Jazzのアドリブには欠かせないオルタードスケールですが、初心者にとってはフレーズを作りにくいスケールでもあります。
そこで今回はオルタードスケールが苦手な初心者でも使いやすいよう、コードの分散だけでアドリブを取る方法を簡単に紹介しましょう。
考え方は初心者向けですが、それでできあがるフレーズ自体はBeBopなどでも頻繁に出てくるもので、けっして初心者っぽくは聞こえないのでぜひ最後までご覧ください。
はじめに

オルタードスケールとはこのようなスケールです。
これは「G Altered Scale」ですから「G7」に対応します。
オルタードテンションが全て含まれているところが特徴です。
※オルタードスケールについてはこちらの記事でくわしく解説しています。

例えばこのようにオルタードスケールに含まれる音だけを使い、いくつものコードを作ることができます。
もちろんこれはほんの一部で、他にも多くのコードが作れます。
今回の主旨は、こうして作ったコードの分散だけでアドリブをしようということです。
そう言われてもどのコードを使えばいいのか迷うところでしょう。
そこで色々作れるコードの中でもフレーズが作りやすく、実際に多くのミュージシャンに使われているおすすめのコードを2つだけ紹介します。
m7(♭5)

まずは【7th】【♭9th】【3rd】【♭13th】を取り出してできる「Fm7(♭5)」です。
「Fm7(♭5)」と考えると理論的には右のように「シ」ではなく「♭ド」が正しいのですが、今回はオルタードスケールから取り出すということなので、それほど気にすることはありません。
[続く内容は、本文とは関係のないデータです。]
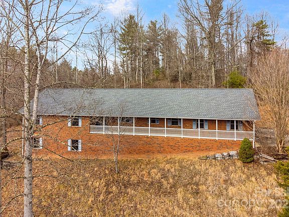This spacious, full brick ranch on 7+ acres with views is a blank canvas for buyers seeking to add their personal touch. Built in 2001, this home offers an open concept with desirable split bedroom floorplan. Each bedroom has dedicated ensuite bathroom, along with a half bath on each floor. Vaulted ceilings and hardwood floors add charm & character to the main floor. Gas log fireplace in the living room and wood burning fireplace in the basement. Bonus room perfect for home office or hobbies. Partially finished basement with exterior access offers tons of potential to extend your living area or add more square footage. Extra long front porch and rear patio invite outdoor enjoyment and entertaining. Two car garage with access to main floor. Accessible location just 3 miles to downtown Marshall, 5 mins to Ingles, 20 mins to both Weaverville & Hot Springs, 30 mins to Asheville -- so you'll find lots to do nearby. Go & Show!
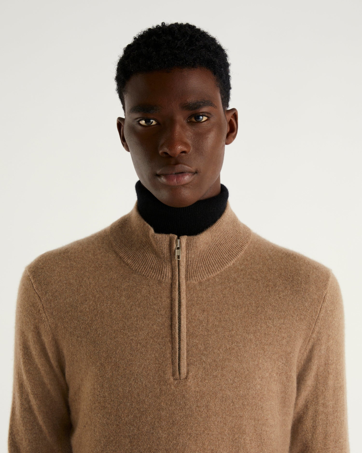 Sweater Col Camionneur Allégé 2 Fils - 100% Cachemire - Taupe
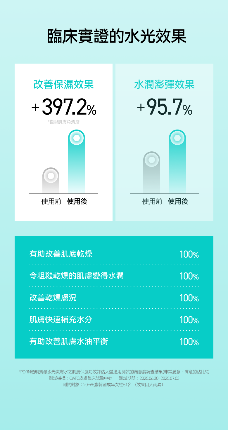 💧 肌膚水光感提升至95.7%,呈現透亮柔潤的水感肌底
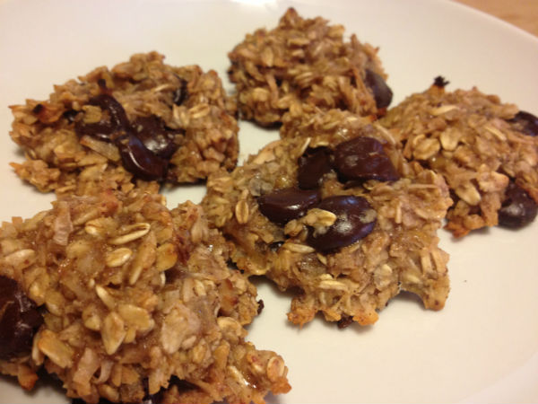 The final product was even better then we expected! The bananas held the cookies together nicely while the honey and cinnamon gave it just the right amount of sweetness. But what really put them over the edge was the chocolate chips and toasted coconuts….they are definitely a new favorite! 4 year old approved too!
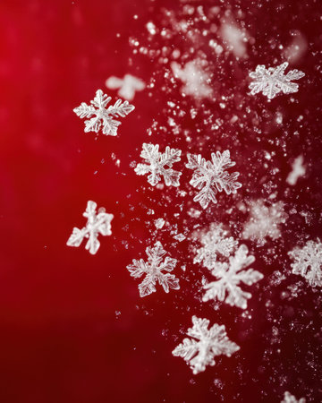 Falling snowflakes against a bright red background with soft frosty details.
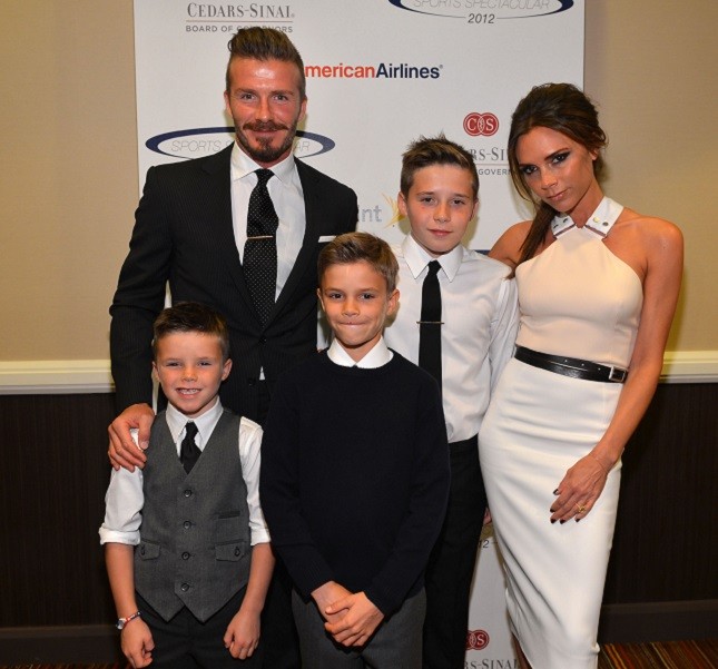 E come non considerare le celebrità hollywoodiane colte nei momenti privati come in quelli pubblici? Una delle coppie più in vista dello star system è anche quella con la famiglia più numerosa: i Beckham hanno messo al mondo quattro splendidi figli, Cruz, Romeo, Brooklyn e la bellissima Harper Seven. Insieme sono apparsi su alcuni red carpet in occasione di prime cinematografiche ed eventi benefici, mentre di recente abbiamo visto Cruz e Romeo insieme al papà ricoperti d’oro ai Nickelodeon Kids’ Choice Sports Awards di Los Angeles: all’evento che premia le scelte sportive dei giovanissimi, un gavettone di vernice dorata ha ricoperto interamente il calciatore e i figli sul palco.
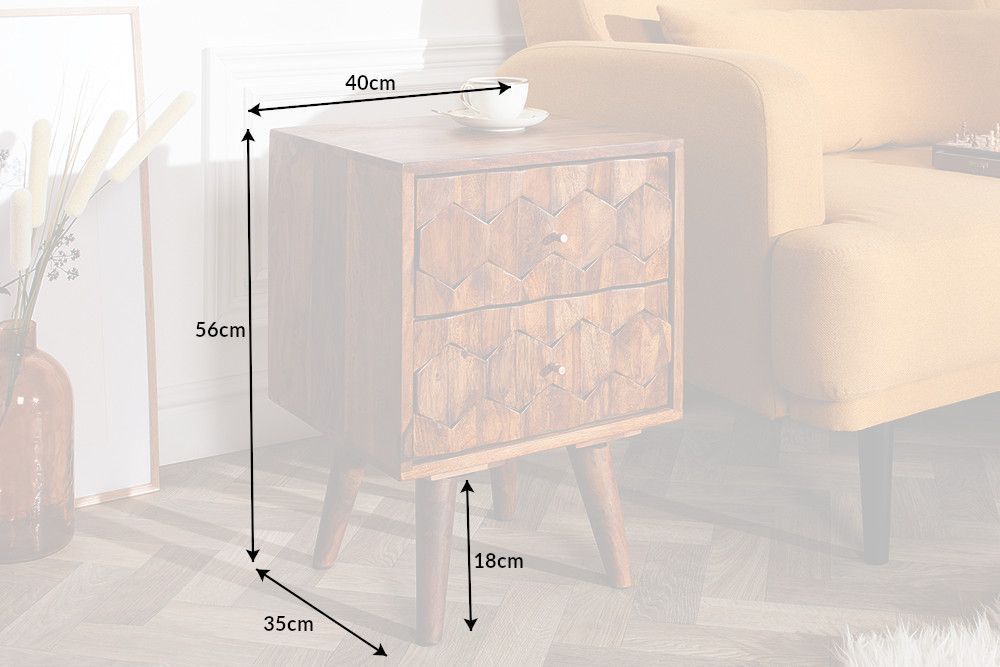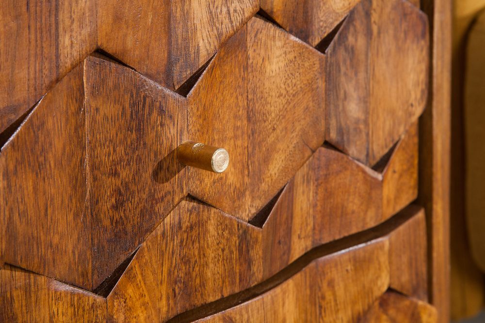 Noćni ormarić odiše elegancijom i prirodnom ljepotom, izrađen od masivnog sheesham drveta koje svojom jedinstvenom i uzbudljivom strukturom priča priču o dalekim, egzotičnim šumama. Upadljiv 3D dizajn prednje površine, ekstravagantan i odvažan, poput slagalice satkane od drvenih oblika, neizbježno privlači poglede i čini ga središnjim dijelom prostora.

ちなみに「Fm7(♭5)」は「A♭m6」と同じ構成音ですが、「Fm7(♭5)」と考えておくと転回しなくてもそのまま弾けばそれっぽいフレーズになるのでおすすめです。
元のコードである「G7」の全音下の「m7(♭5)」を使うと覚えておくとよいでしょう。
では実際に作ってみましょう。

2拍のフレーズです。
「Fm7(♭5)」の構成音をただ上から順番に弾いただけですが、よく聴かれるフレーズです。

これは1小節のフレーズです。
最初は「Fm7(♭5)」の【Root】から上行のアルペジオを弾き、すぐ転回して【♭5】からまた上行のアルペジオを弾いただけです。
このようにオルタードスケールを使いたいとき、「コードのアルペジオだけを使ってフレーズを組み立てる」という方法はとてもシンプルでわかりやすいと思います。
しかし考えることはそれだけではなく、あくまでもコード進行の中で使うわけですから、解決先のコードにうまくつなげることも大事になってきます。
先ほどの例では「ファ-ミ」、この例では「♭ラ-ソ」と半音でスムーズに解決しています。

この「Fm7(♭5)」はそのままコードに使うこともできます。
【Root】の「G」が鳴っていれば「G7(♭9,♭13)」というコードになります。
m(add9)
ではもう1つおすすめのコードを紹介しましょう。

【♭9th】【#9th】【3rd】【♭13th】を取り出してできる「A♭m(add9)」です。
元のコードの半音上の「m(add9)」と覚えておくと良いでしょう。
「Fm7(♭5)」と違って3度積みのコードではないので、譜面上はややこしく見えますね。
これも理論的には右のコードのように「シ」ではなく「♭ド」で記譜します。
これに関して1つ重要なのは【7th】を入れないということです。

このように「A♭m」に対しての【7th】は「G7」に対して【△7th】になってしまいます。
【△7th】はドミナントコードに使うべきではありません。
よって「A♭m7」ではなく「A♭m(add9)」ということを覚えておきましょう。
ではフレーズを作ってみましょう。

2拍のフレーズです。
3連符で「A♭m(add9)」の【9th】からただ下行しているだけです。
これもよく聴くフレーズなのではないでしょうか。
「C△7」には「♭ラ-ソ」と半音で綺麗に解決しています。

これは1小節のフレーズです。
上行したあと少し下行していますが「A♭m(add9)」の構成音しか使っていません。
こちらも「C△7」には「♭ラ-ソ」と解決しています。

ちなみにこの「A♭m(add9)」はコードには使わない方がよいでしょう。
【Root】の「G」の上で弾くと「G7(♭9,#9,♭13)」というコードになってしまいます。
一般的には「9系」のテンションを同時に2つ入れることはないので、よほどの意図がない限りは避けたほうが無難でしょう。
さいごに
今回は、オルタードスケールでのアドリブをコードの分散だけでやる方法を紹介しました。
元のコードの全音下の「m7(♭5)」と半音上の「m(add9)」をぜひ試してみてください。